--- START ---
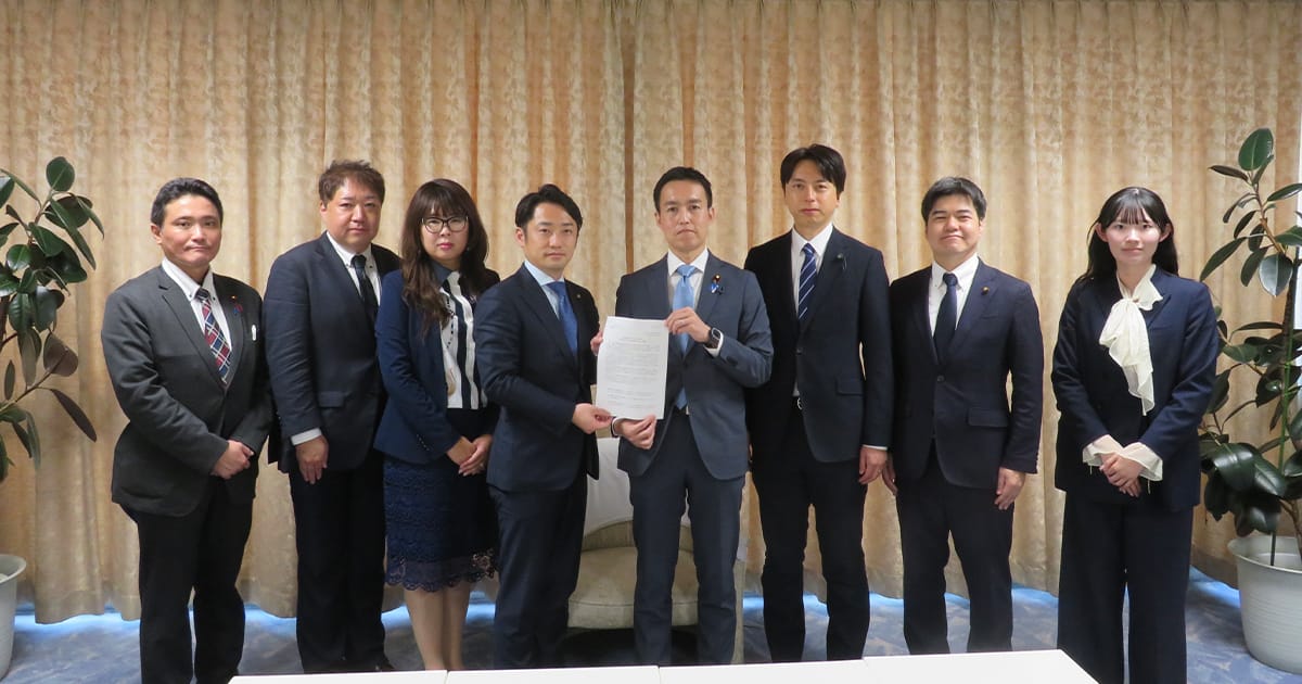平沼正二郎青年局長は、大阪府連青年局(水原慶明青年局長)から「副首都機能の整備に係る立法措置及び特別区設置に係る住民投票制度に関する要望書」を受け取りました。
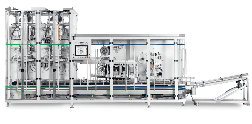 Built with 304 stainless steel contact surfaces and precision servo-driven “D” motion, the Optima ensures smooth operation and consistent sealing at high speeds. Paired with a nVenia dosing system—such as a combination weigher, linear scale, or auger filler—it centralizes line control through a 15” icon based HMI.
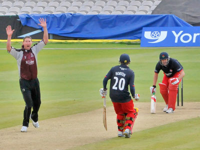 With the score on 25 Trescothick hit Mahmood to the deep and was caught by Powell. he had made 10
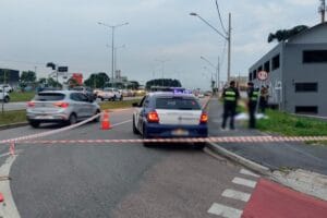 Mulher é atropelada após tentar atravessar faixa de pedestres no Água Verde; motorista fugiu
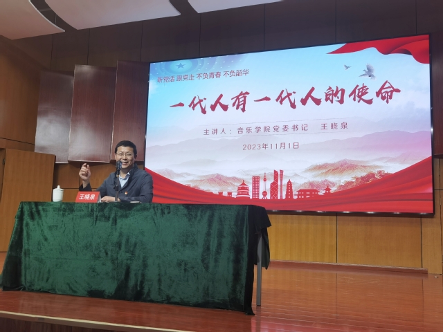 11月1日下午,太阳成集团122ccvip演奏厅不时传来掌声,公司党委书记王晓泉以“一代人有一代人的使命”为主题,为音院学子们上了一堂精彩生动的党课。活动由公司党委副书记张甜主持,专职组织员邱丹叶,辅导员李天琪、汤梦悦、汪啸杰和全院员工党员、发展对象、入党积极分子、团学骨干等140余人参加学习。
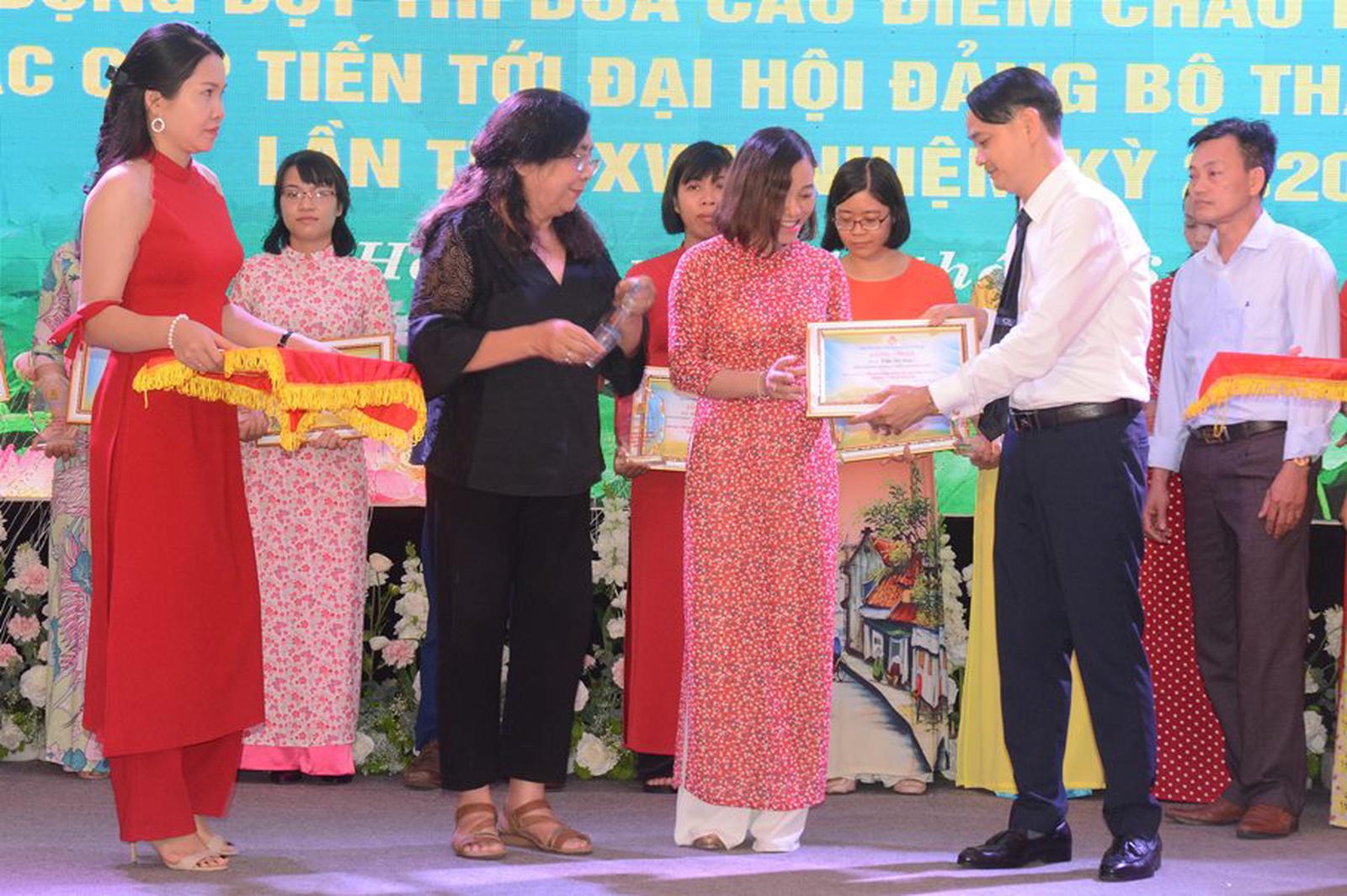 Lãnh đạo Công đoàn ngành Y tế Hà Nội trao tặng Giấy công nhận, Cúp danh hiệu. Ảnh: Thùy An
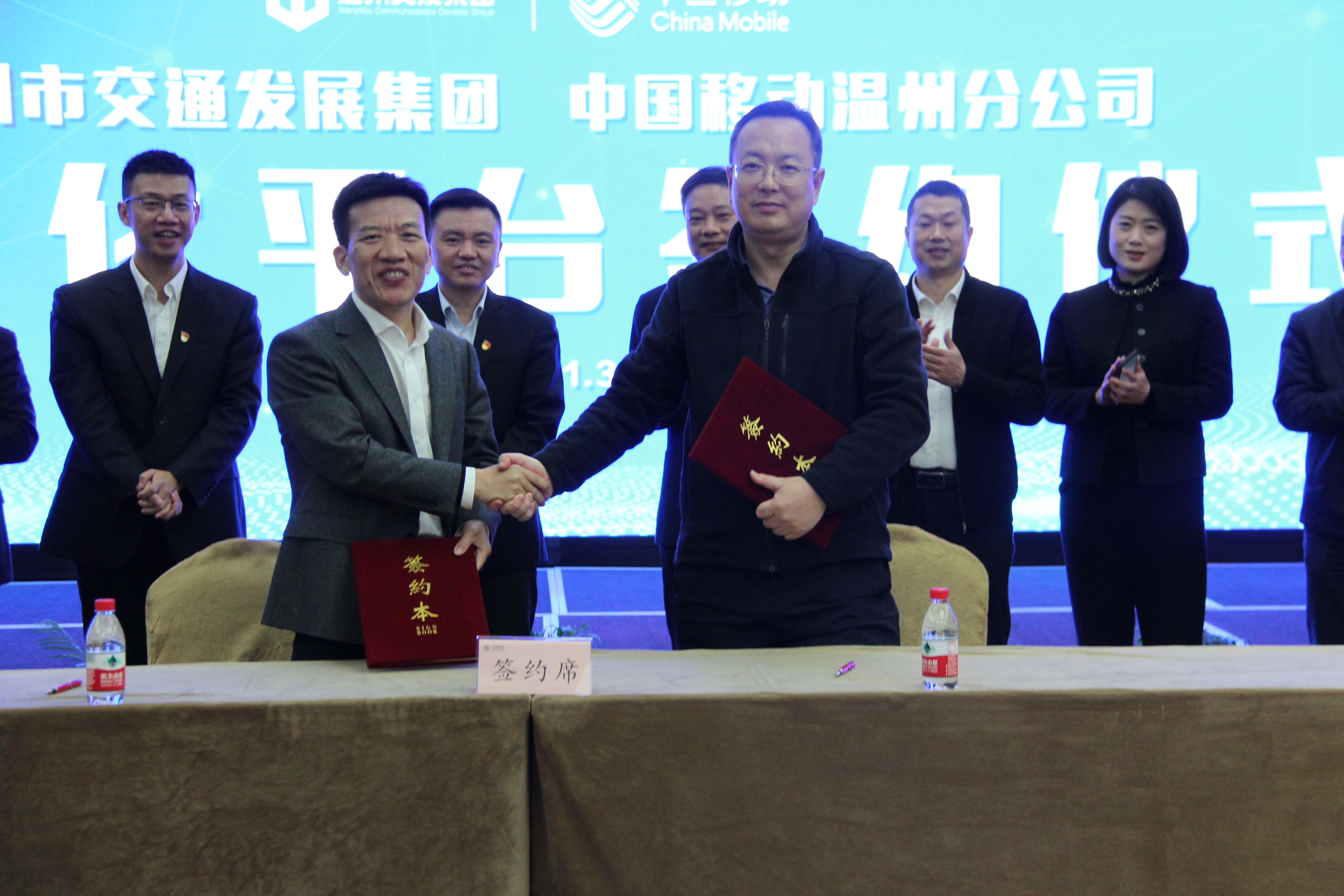 11月30日下午,市交发集团与中国移动温州分公司数字化平台项目合作暨“党建和创”签约仪式在移动公司13楼会议室顺利举行。集团总经理南品仁,党委副书记周列茅,中国移动温州分公司副总经理唐慧明、陈孝云出席仪式,集团办公室、党群工作部、工会等部门相关人员参加。
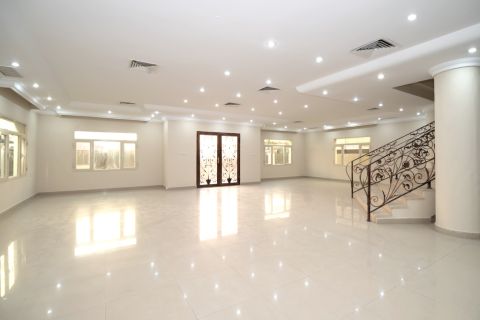 A beautiful villa for rent in Al Zahra, Kuwait - 5 bedrooms, 5.5 bathrooms, a spacious living and dining area with a representative staircase, a large kitchen, a small kitchen, and a family room. A diwaniya with a guest toilet and an additional entrance. Rooms for domestic workers and a driver, and a laundry room. A private yard. A shaded parking area for 4 cars. Rent is 2000 Kuwaiti Dinars per month. Please contact Horizon Q8 Real Estate Company. A security deposit equivalent to one month's rent.
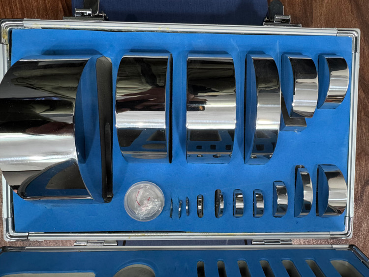 وزنه کالیبراسیون دیسکی شیاردار ( چاک دار) 100mg to 5kg استیل یک مجموعه وزنه استاندارد و کامل کلاس F1 می باشد . این سری وزنه دیسکی استیل دارای 24 قطعه وزنه می باشد که جهت کالیبراسیون و یا کنترل میانی ترازو های حساس مورد استفاده قرار میگیرد . این سری وزنه شیار دار استیل دارای یک جعبه الومینیومی مقاوم می باشد
--- END ---
* **What is needed**: From the listing above, repeat only the lines between the line containing "Mulher é atropelada" and the line containing "11月30日下午,市交发集团", those two included. Pictures are not part of the copy.

* **Answer section**:
 Mulher é atropelada após tentar atravessar faixa de pedestres no Água Verde; motorista fugiu
 11月1日下午,太阳成集团122ccvip演奏厅不时传来掌声,公司党委书记王晓泉以“一代人有一代人的使命”为主题,为音院学子们上了一堂精彩生动的党课。活动由公司党委副书记张甜主持,专职组织员邱丹叶,辅导员李天琪、汤梦悦、汪啸杰和全院员工党员、发展对象、入党积极分子、团学骨干等140余人参加学习。
 Lãnh đạo Công đoàn ngành Y tế Hà Nội trao tặng Giấy công nhận, Cúp danh hiệu. Ảnh: Thùy An
 11月30日下午,市交发集团与中国移动温州分公司数字化平台项目合作暨“党建和创”签约仪式在移动公司13楼会议室顺利举行。集团总经理南品仁,党委副书记周列茅,中国移动温州分公司副总经理唐慧明、陈孝云出席仪式,集团办公室、党群工作部、工会等部门相关人员参加。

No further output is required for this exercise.